------ DATASET EXTRACT ------

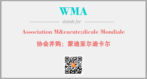 上述内容是“Association Médicale Mondiale”作为“WMA”的缩写,解释为“协会并购;蒙迪亚尔迪卡尔”时的信息,以及英文缩略词WMA所代表的英文单词,其对应的中文拼音、详细解释以及在英文中的流行度和相关分类、应用领域及应用示例等。
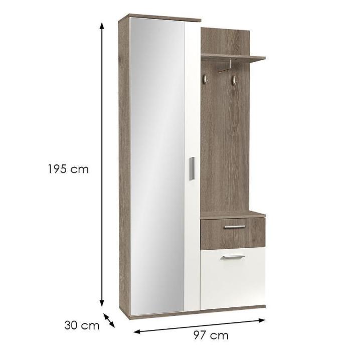 Zestaw zawiera panel z szafką oraz szafę z lustrem i drążkiem na ubrania. Dzięki, którym zyskamy łatwo dostępną przestrzeń do przechowywania rzeczy, ubrań i butów.
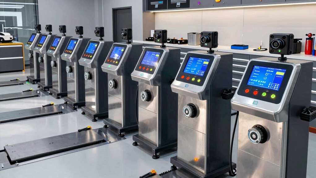 Ensuring high accuracy and precision in a wheel balancer is vital for ideal performance and customer satisfaction. I look for machines with measurement tolerances of ±1 gram or less, which guarantee precise balancing every time. Features like digital LCD screens and automatic rim recognition help deliver consistent results, reducing human error. Industrial-grade sensors, such as all-in-one pressure sensors and auto-detection systems, further enhance measurement accuracy. Mechanical stability, including a sturdy frame and vibration resistance, guarantees the machine maintains its precision during operation. Calibration capabilities and self-diagnosis functions are also essential—they keep the machine accurate over time, preventing measurement drift. Prioritizing these factors ensures the balance results are reliable, leading to better wheel performance and happier customers.
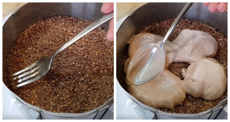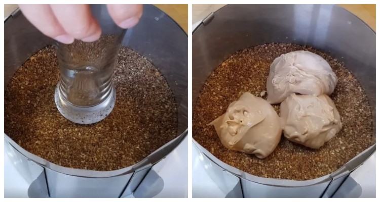 ¼ частину крихти висипаємо на тарілку, розрівнюємо і утрамбуємо склянкою. Утрамбовувати ми будемо тільки нижній шар.
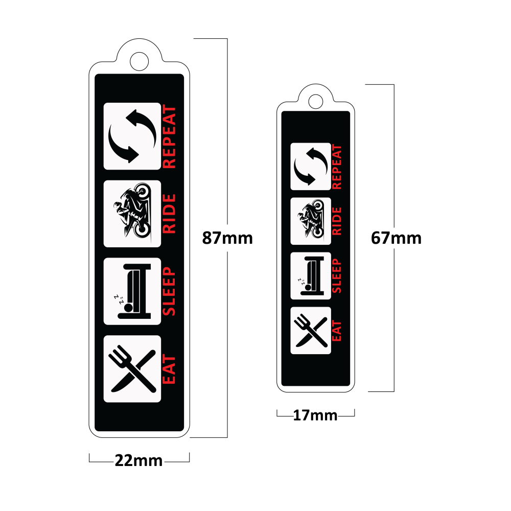 Eat-Sleep-Ride-Repeat Poliüretan Damla Anahtarlık (2 Adet) – Motosiklet Yaşam Tarzını Yansıtan Özel Tasarım
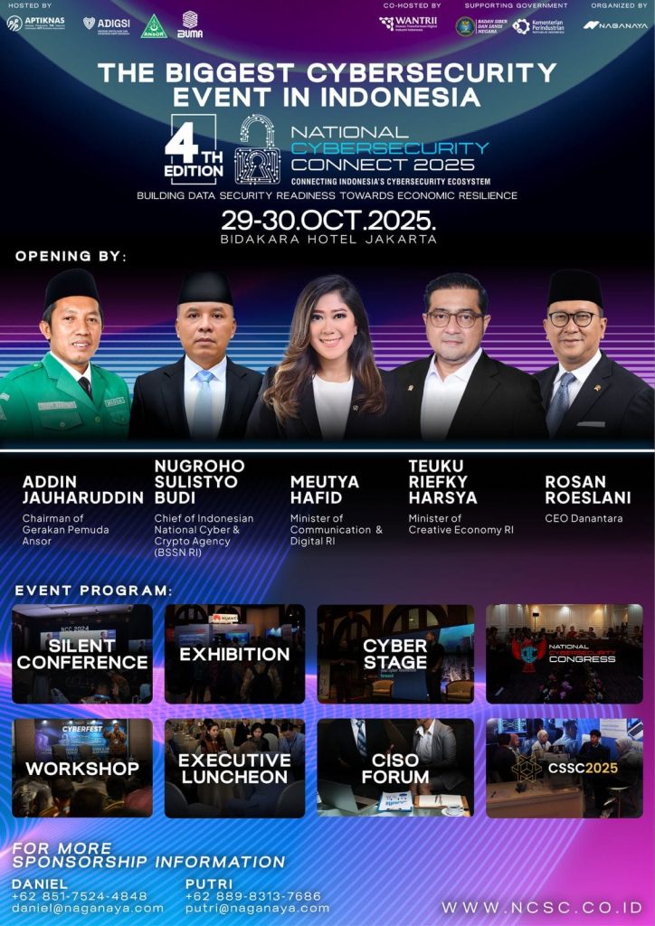 Presiden Direktur PT Naganaya Indonesia, Aditya Adiguna, turut menyoroti pentingnya acara ini. “NCC 2025 tidak hanya menyasar kalangan B2B, tetapi juga masyarakat luas. Ini merupakan bentuk tanggung jawab bersama dalam meningkatkan literasi dan mendorong pertumbuhan industri keamanan digital,” paparnya.
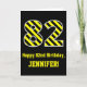 L'avant de cette carte de vœux d'anniversaire amusante et audacieuse présente un grand nombre "82" avec un motif à rayures noires et jaunes, ainsi que le message "Joyeux 82e Anniversaire" et un nom personnalisé. Le fond de la face avant est de couleur noire. L'intérieur comporte un message d'anniversaire personnalisé ou pourrait éventuellement être laissé vierge si un message doit être écrit à la main à la place. Une carte d'anniversaire personnalisable comme celle-ci pourrait être un moyen amusant d'envoyer un message pour célébrer le quatre-vingt-deuxième anniversaire de quelqu'un.

------

AIM OF THE EXERCISE ▸
Your answer is the exact run of lines above from the one with "Zestaw zawiera panel" through the one with "Presiden Direktur PT", both ends included, minus any picture.

SOLUTION TO THE PROBLEM ▸
 Zestaw zawiera panel z szafką oraz szafę z lustrem i drążkiem na ubrania. Dzięki, którym zyskamy łatwo dostępną przestrzeń do przechowywania rzeczy, ubrań i butów.
 Ensuring high accuracy and precision in a wheel balancer is vital for ideal performance and customer satisfaction. I look for machines with measurement tolerances of ±1 gram or less, which guarantee precise balancing every time. Features like digital LCD screens and automatic rim recognition help deliver consistent results, reducing human error. Industrial-grade sensors, such as all-in-one pressure sensors and auto-detection systems, further enhance measurement accuracy. Mechanical stability, including a sturdy frame and vibration resistance, guarantees the machine maintains its precision during operation. Calibration capabilities and self-diagnosis functions are also essential—they keep the machine accurate over time, preventing measurement drift. Prioritizing these factors ensures the balance results are reliable, leading to better wheel performance and happier customers.
 ¼ частину крихти висипаємо на тарілку, розрівнюємо і утрамбуємо склянкою. Утрамбовувати ми будемо тільки нижній шар.
 Eat-Sleep-Ride-Repeat Poliüretan Damla Anahtarlık (2 Adet) – Motosiklet Yaşam Tarzını Yansıtan Özel Tasarım
 Presiden Direktur PT Naganaya Indonesia, Aditya Adiguna, turut menyoroti pentingnya acara ini. “NCC 2025 tidak hanya menyasar kalangan B2B, tetapi juga masyarakat luas. Ini merupakan bentuk tanggung jawab bersama dalam meningkatkan literasi dan mendorong pertumbuhan industri keamanan digital,” paparnya.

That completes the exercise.